When I pull a sensor, it is usually working just fine. But I have an obscene number of extra sensors. The last couple of Medicare orders, I have indicated that I need only 3 sensors and despite the order saying 3 sensors, they still send me 5! There are rumors that Dexcom is trying to unload G5 sensors on Medicare people and sometimes I wonder since they send me more than I want or need.

One Medicare beneficiary on Facebook indicated that she didn’t order sensors every month from Dexcom because she used her sensors for 2-3 weeks. Then when she went to place an order the Dexcom rep indicated that if she didn’t use sensors according to Dexcom guidelines, they would cancel her Medicare coverage! So I am careful to order every month and indicate that I need sensors.
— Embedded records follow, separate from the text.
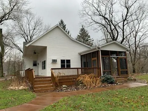 Perfectly situated on just over 5 acres of land, this unique 4 bedroom home is ready for new owners! The main floor features a family room with a fireplace, a 4 seasons room with another fireplace and a main floor master bedroom with attached 3/4 bath and a walk in closet. Heading up just a few short steps will get you into a breakfast nook, updated kitchen with ample counter space and cabinets and a HUGE walk in pantry. There is a formal living room and formal dining room and a private office just a few steps down from here. Upstairs there are 3 good sized bedrooms as well. The basement is perfect for storage, crafts, a game room, or whatever fits your needs. Outside there is a screened in porch, firepit, landscaping and a couple of pole barns measuring 24X32 that is connected to another 24X45 and a separate 24X18 all with overhead doors. Schedule your private showing today!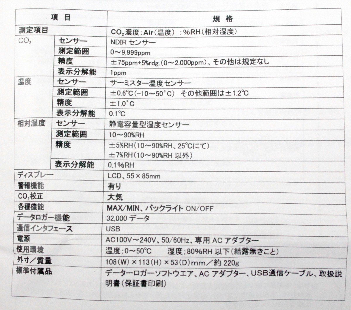 フソーのCO2濃度計が入荷致しました。 外箱に傷が見られますが、本体にはあまり使用感が無く、 概ね綺麗な状態です。 通電、動作に問題はありませんでした。 本体に校正機能がございますので、ご使用の前に校正をお願い致します。 詳しい商品状態につきましては写真よりご確認ください。 この機会に是非ご検討宜しくお願い致します。 【詳細】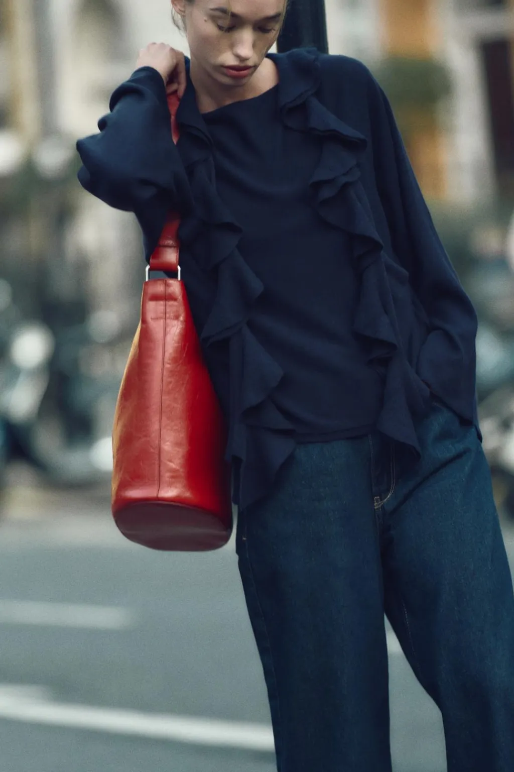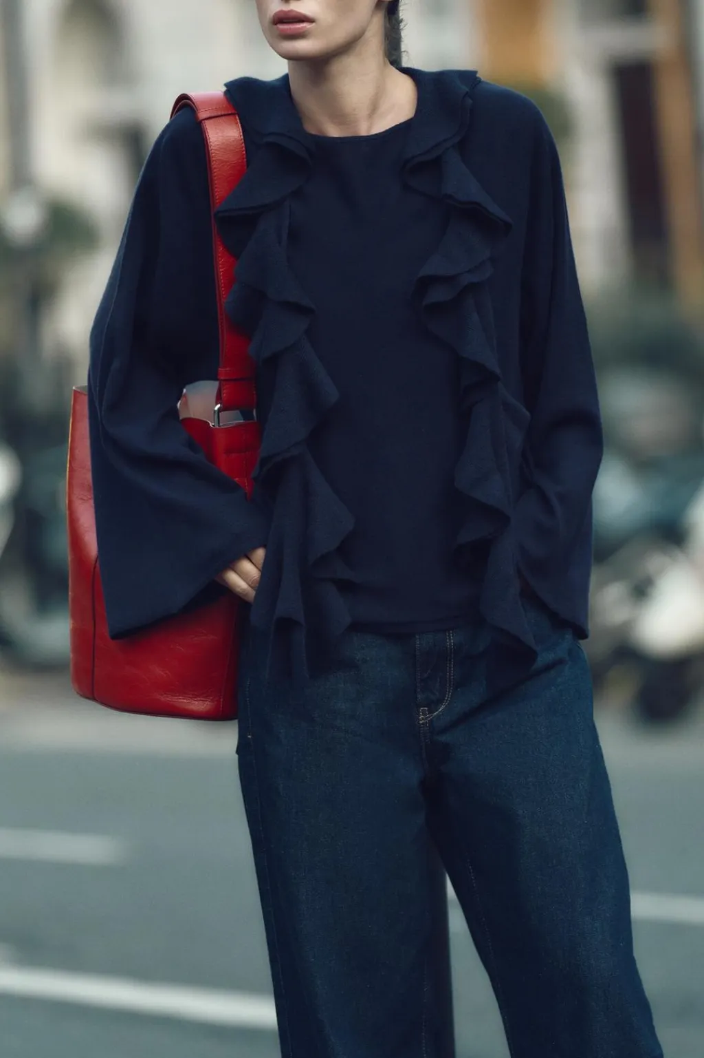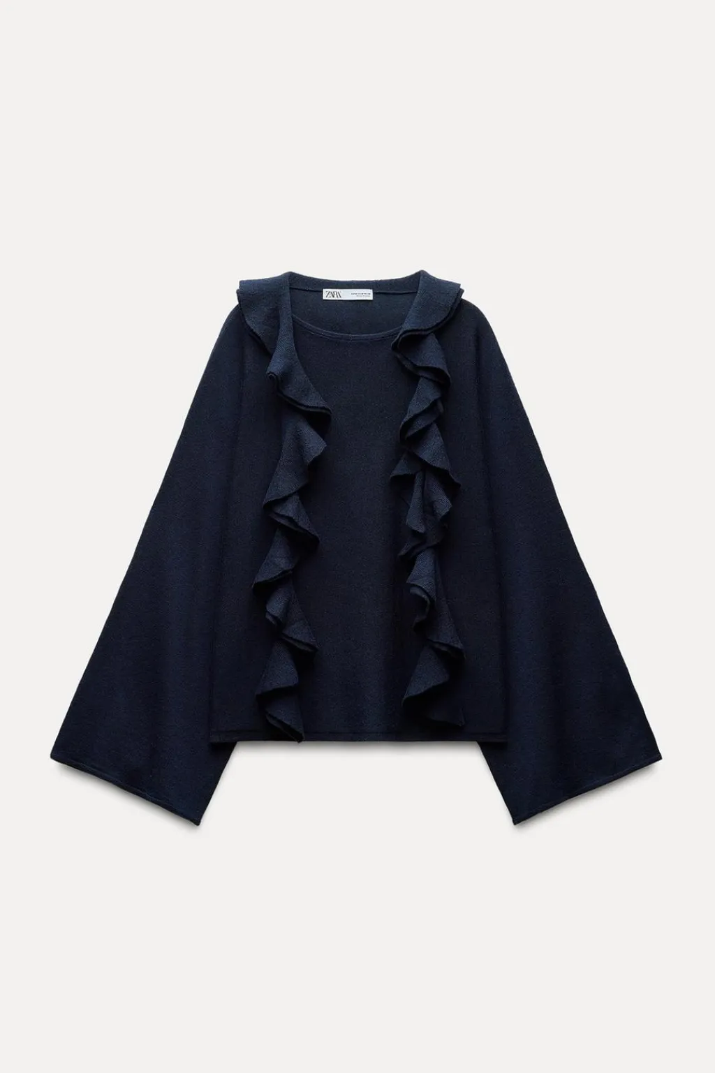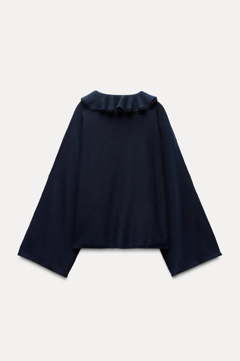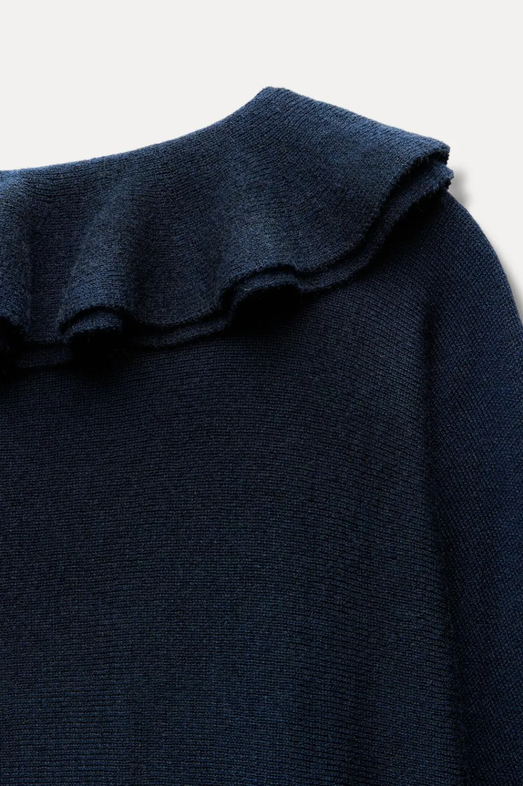 Jersey de punto liso confeccionado con lana. Cuello redondo con aplicación de bufanda con volante y manga larga ancha.

I plan to keep using G5 for a couple of months once I start getting G6 in order to build up a stash of sensors and transmitter life. I don’t ever want to be in the position of having to stop using CGM because a sensor failed or they don’t send a transmitter on time. I am anxious to start using Basal IQ on my Tandem pump and I hope that I have the will power to delay using G6.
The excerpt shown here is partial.